The Genetic Health Information Network Summit has become a forum for influential leaders across healthcare to articulate practical challenges and brainstorm solutions to enable precision medicine. One recurring theme of these events (summarized here) is the ambiguity in the systems used to identify genetic tests for billing, adjudication, and reimbursement.
It is no secret that the genetic testing market has grown quickly. This creates a number of challenges, one of which is that the consensus on how these tests should be billed has not kept pace. Coding variation, price variation, and time-consuming efforts related to billing and payment in this space remain high. These practical challenges limit the potential of genomic medicine.
With the goal of analyzing this problem and identifying practical solutions, Concert worked with fellow Summit organizers to host a webinar featuring leading experts in the space. Summarized here are key observations from the event and updates about cross-stakeholder solutions emerging from events like it.

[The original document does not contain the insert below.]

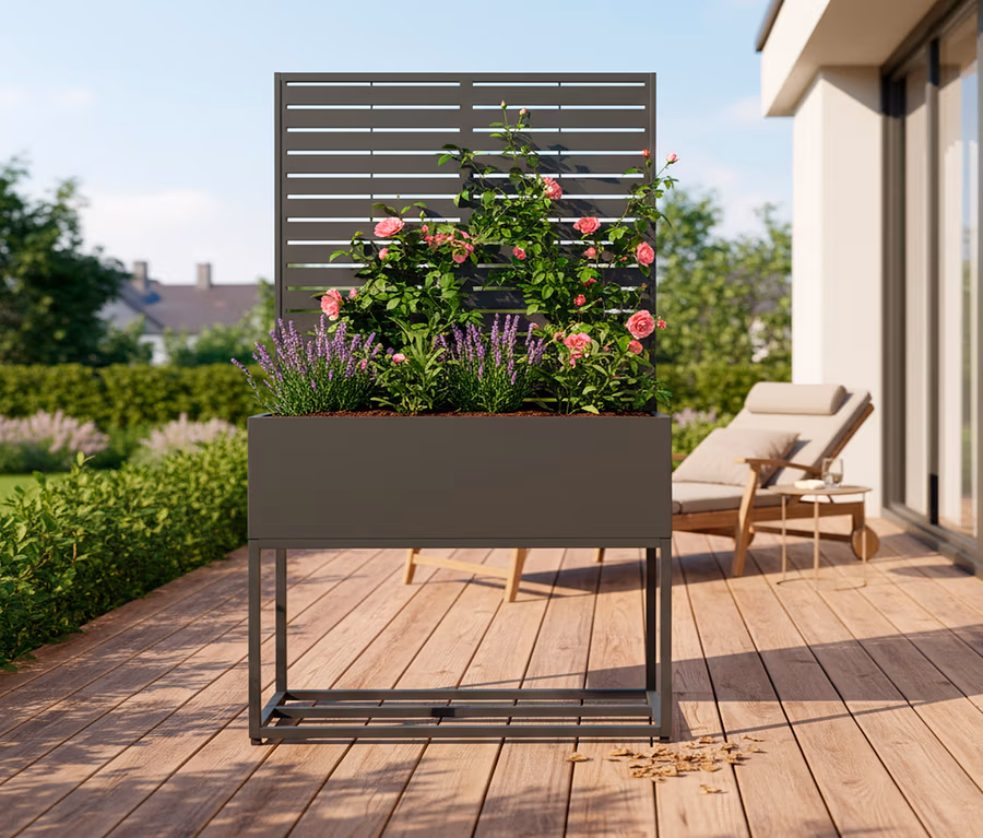 • Multifunktionales Design: Konstruktion als Rankgitter und Sichtschutz nutzbar

What does the problem look like today?
Genetic test identification, coding, billing, and reimbursement is not a new problem, but it has evolved. Key updates and observations from the webinar include:
The connection between payment and regulatory agencies has gotten tighter. Multiple organizations are impacted when test codes are established, so they need to collaborate.
Coding has become granular and complex in response to a sharply rising genetic testing market. Without a taxonomy to organize and relate codes and code sets to one another, things can get confusing.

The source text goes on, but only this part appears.